Appeal of Brown

1 Dall. 311 | Pa. | 1788

The Chief Justice, having stated the points that were made in the cause, now delivered the opinion of the Court.

M'Kean, Chief Justice.

From the evidence we must determine, on the first point, that the money was a payment to the estate of Edgar. It was Brown’s constant practice to transfer all his receipts *312to Dogherty; and this sum of £400. is credited to him in the accounts of the estate kept by the latter.

With respect to the second and third points, it must be observed, that the Courts of Chancery make it a general rule, that he who receives money should be answerable for it; and, therefore, if one Executor becomes insolvent, or bankrupt, the other shall not be charged. There is a difference, however, between Legatees and Creditors; the former being appointed, as well as the Executor, by virtue of the Testator’s will; and consequently cannot impose the same responsibility as the latter.

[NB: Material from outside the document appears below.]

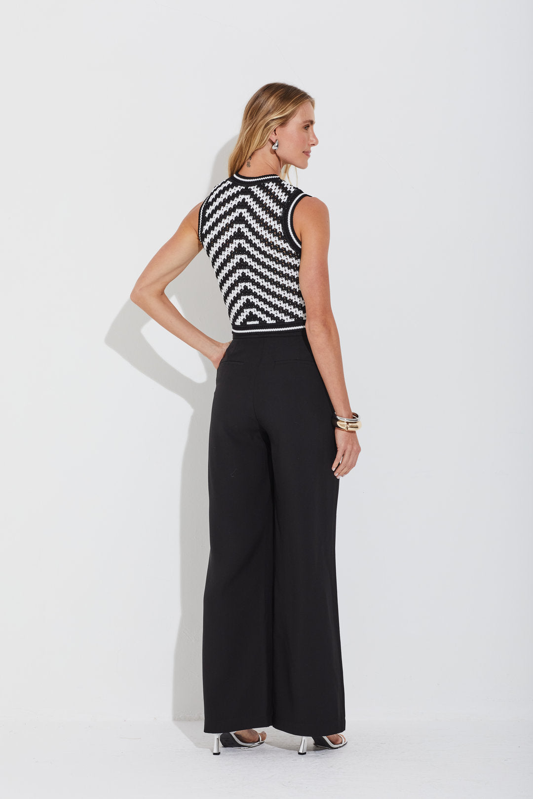 Com gola redonda e modelagem ajustada, a peça valoriza a silhueta com conforto e leveza. As listras diagonais se encontram no centro, criando formas exclusivas que destacam o visual. O ponto em tela remete ao trabalho artesanal do crochê, conferindo textura e frescor. De comprimento na altura do cós, pode ser usada sozinha ou como sobreposição, compondo looks versáteis e atemporal .

The case in 1 P. Wms. 244. is the only one in point; but on that authority, and the justice of the matter itself, under all its circumstances, we are of opinion that, although Brown would be chargeable if there were creditors, and a deficiency of assets to satisfy them; yet, that he is not answerable to the Legatees.

The £400. must therefore be deducted from the account, with the nine years interest which is charged upon it. As to the rest, we think Brown ought to be well satisfied to pay the interest; particularly as it is not charged from the year 1776 to the year 1781.

The decision of the Orphan’s Court was accordingly affirmed; deducting £400, and nine years interest, from the account.